Dorf im Jahre 1973 die 800-Jahr-Feier begehen konnte und unsere
im Werden begriffene Dorfgeschichte durch die Entdeckung von
Edliswil bereichert wurde.
1000 - 1299:
1057 - 1079: Regierte Rudolf von
Rheinfelden, Herzog von Schwaben über Solothurn und sein
Besitzgebiet. Dazu gehörte auch der Meierhof von Erlinsbach.
Dieser Rudolf von Rheinfelden, der in der vordersten Reihe des
süddeutschen und burgundischen Adels stand, ist somit der
älteste erfassbare Bürger von Erlinsbach.
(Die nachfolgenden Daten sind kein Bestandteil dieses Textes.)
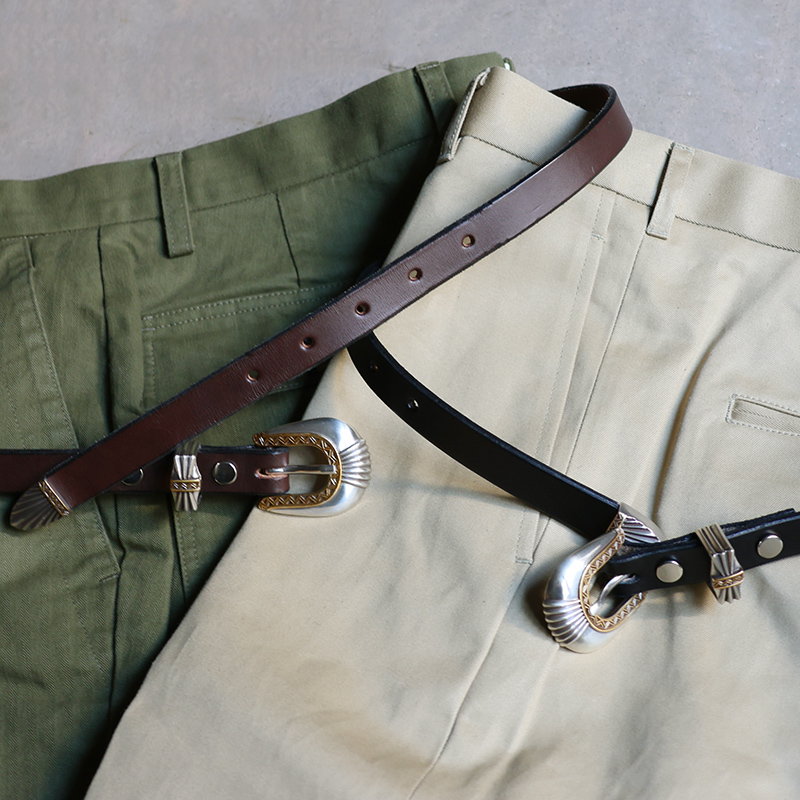 普段はあまりベルトをせずジャストサイズでボトムス選びをすることの多い当店ですが、こちらはスタイリングへの程よいアクセントという用途で抜群の味付けをしてくれるので珍しくオーナーもお気に入り。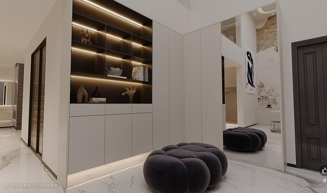 茶台后面设计了一排装饰柜,内藏灯光,十分有格调。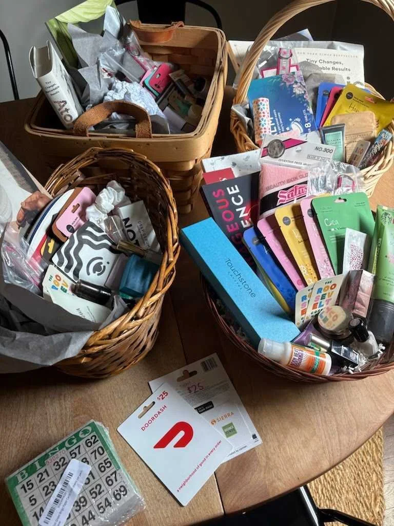 Human trafficking survivors in advanced recovery (thrivers) gather several times a year just for the fun of it! The group enjoys building healthy community. Together they enjoyed a game night (prize baskets pictured below), manicures, and going to the movies.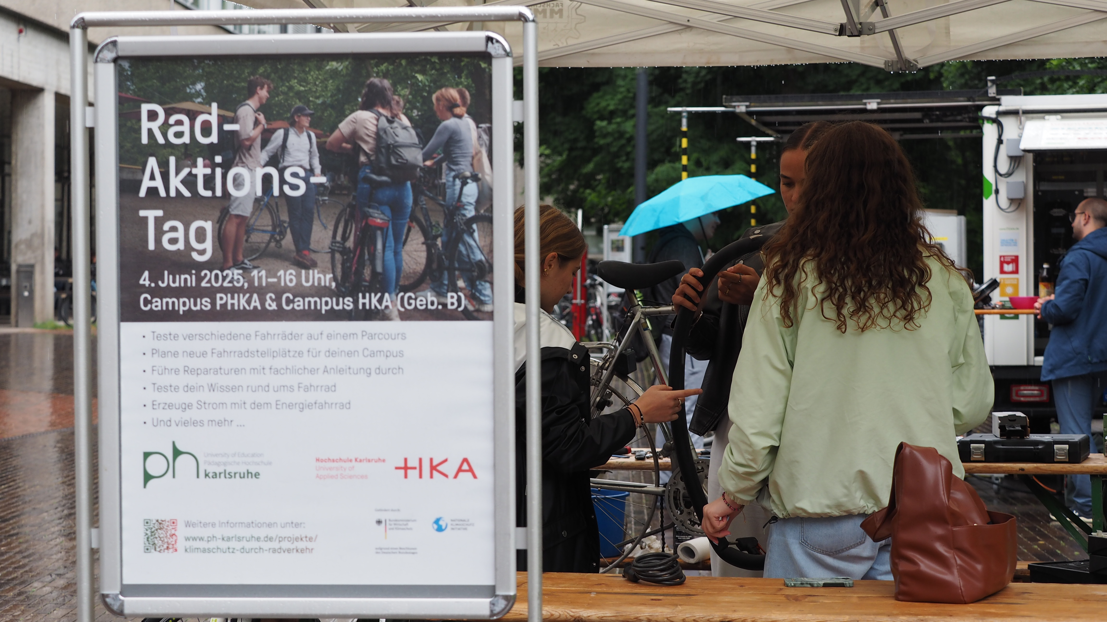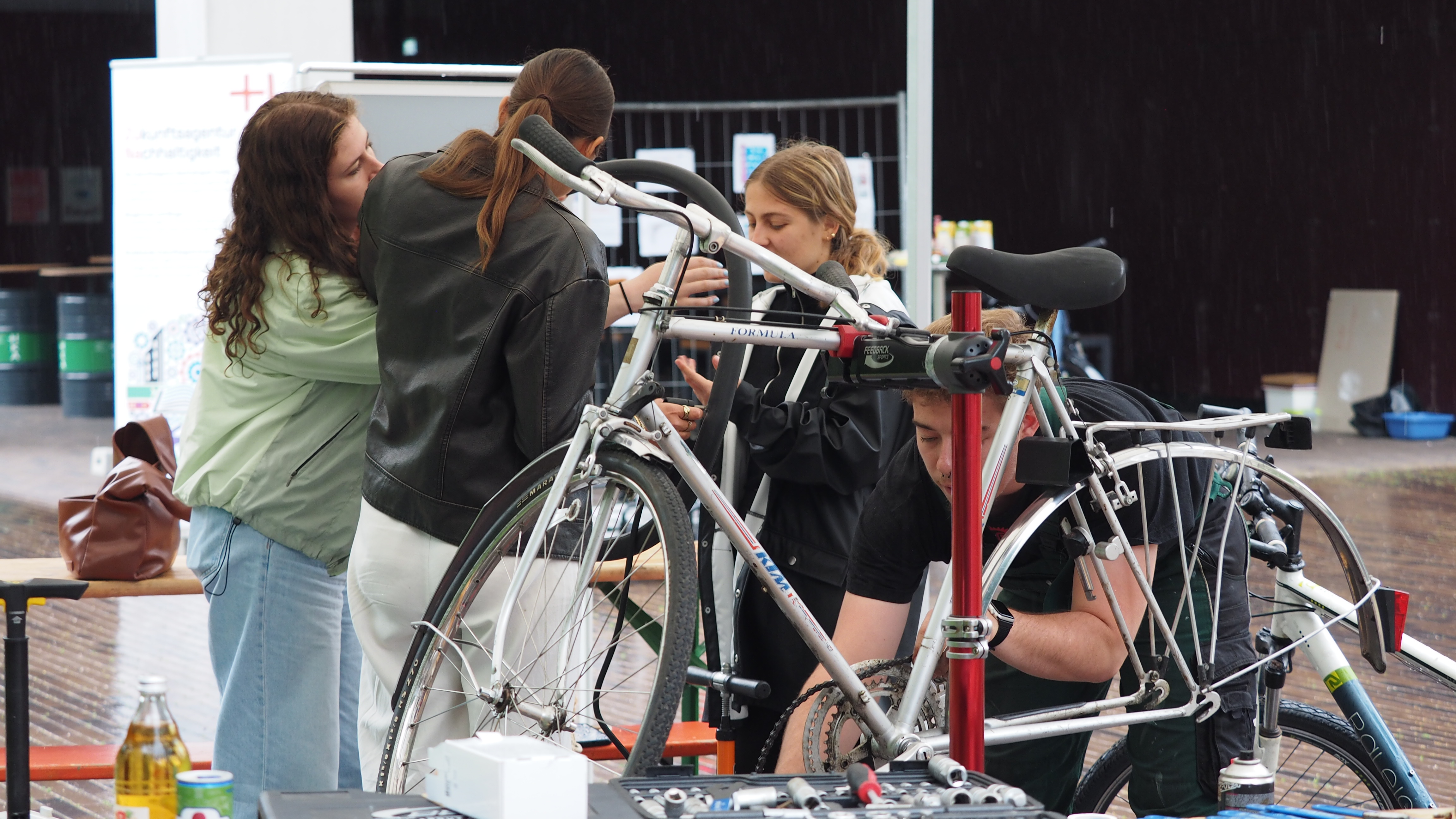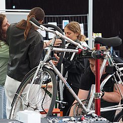 - eine stationäre und eine mobile Fahrradwerkstatt als Treffpunkt für alle Radfahrenden sowie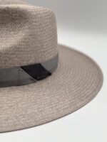 The Magness is a modern and cool table-top stiff brim fedora in our LiteStraw® finish. The LiteStraw® finish makes the straw durable and flexible, while also being water repellent. It is crafted using a colorblocking technique with the Japanese grosgrain around the crown to give it a nice pop of color. The Magness is finished with a signature dipped flooring nail behind the band making it a fashionable stunner.The Magness is hand-crafted in the USA from globally sourced materials.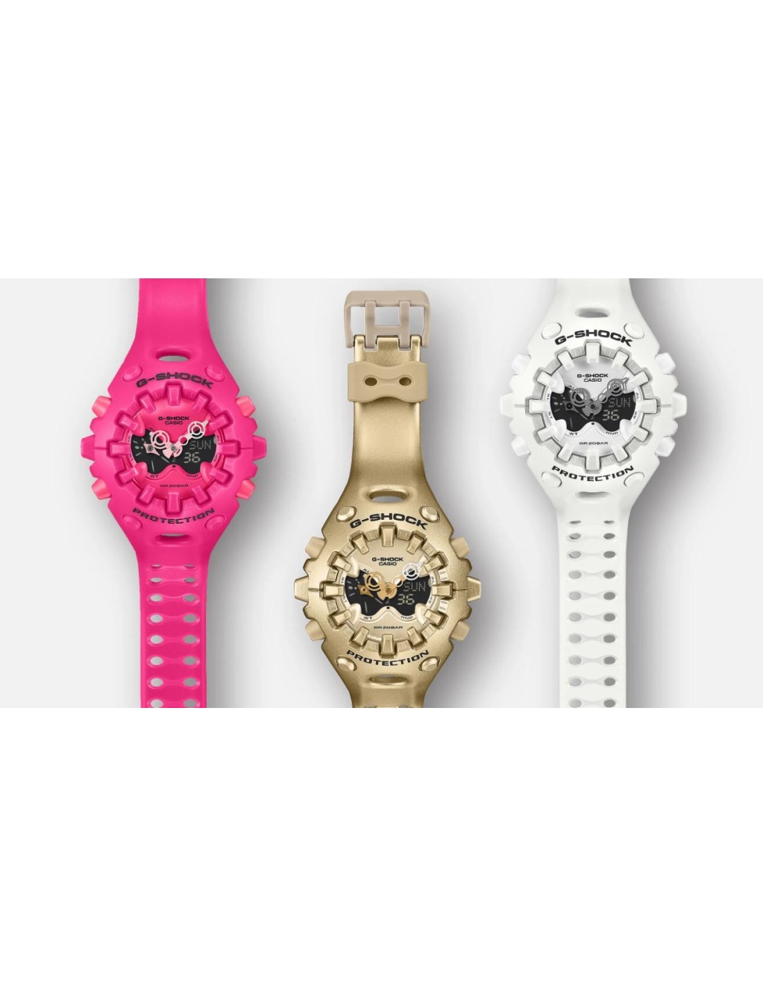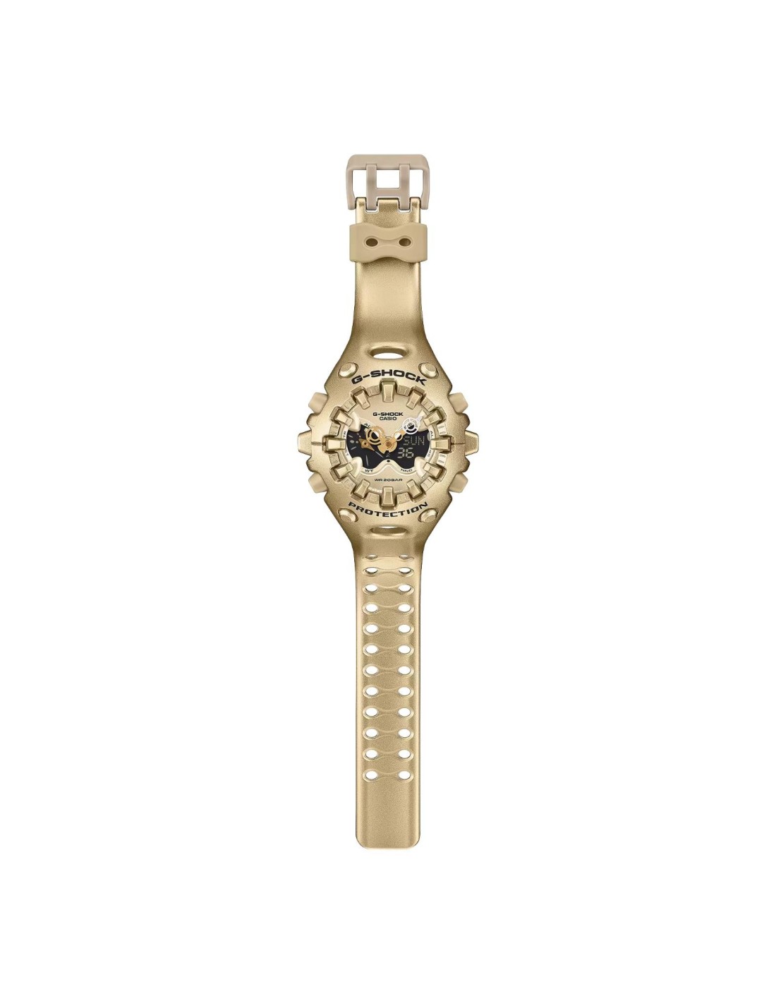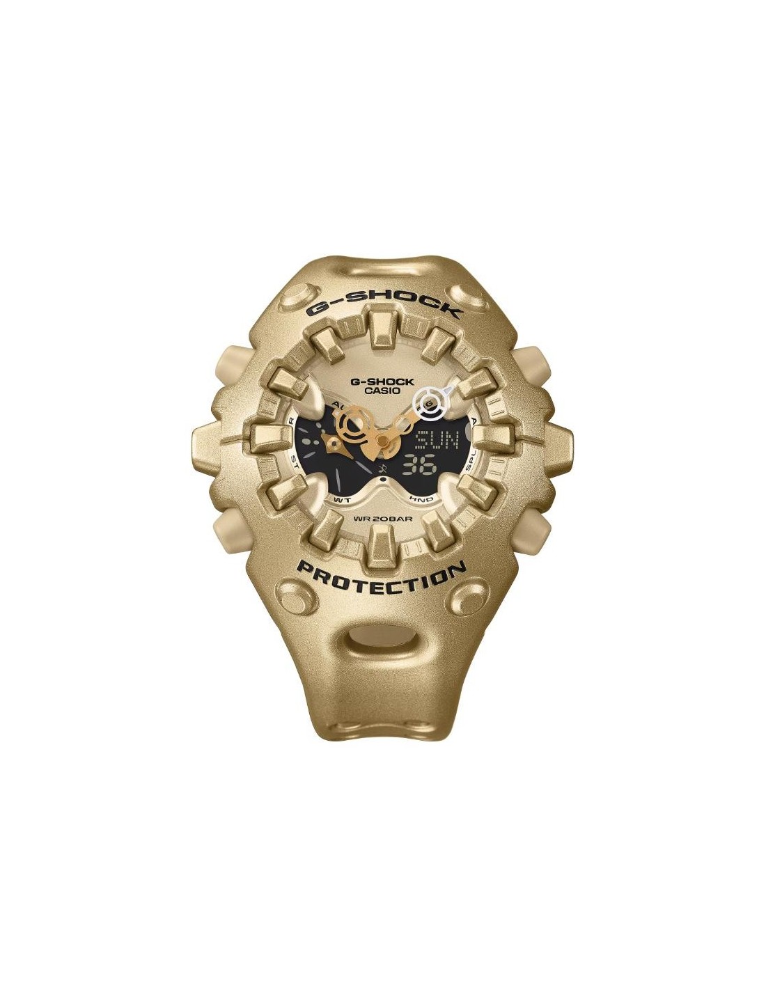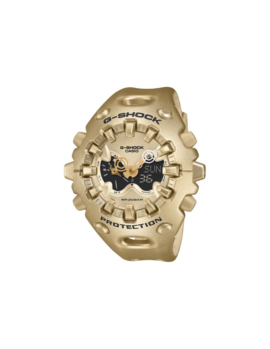 El exterior combina formas orgánicas con líneas bien definidas, una gran pantalla LCD completa y una esfera metalizada que refuerza su carácter audaz. Su innovadora manecilla de liberación de impactos refleja el compromiso de G-SHOCK con una durabilidad sin límites.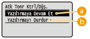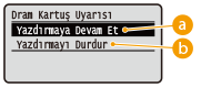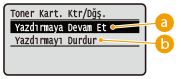 <Yazdırmaya Devam Et> veya <Yazdırmayı Durdur>

Er starb 1080 in der
Schlacht von Merseburg bei Leipzig.
1173: 1173 ist das Dorf
Erlinsbach als "Arnlesbah" erstmals urkundlich erwähnt in
der Beschreibung der Besitztümer des Stiftes Beromünster. Diese
stand unter dem Schutz von Herzog Friedrich von Schwaben, dem
späteren Kaiser Barbarossa.
1276: Verlieh Graf Hartmann von Habsburg
unter anderem dem Edlen Jakob von Kienberg zum Erblehen die
Veste Kienberg mit Leuten und Gütern, ein Drittel der hohen
Gerichte zu Ober- und Niedererlinsbach und zu Küttigen, sowie
Twing und Bann zu Edliswil, die Hölzer im Hard, ein Holz in den
Salzlachen, die Eschenrüte und den vierten Teil im Rotholz.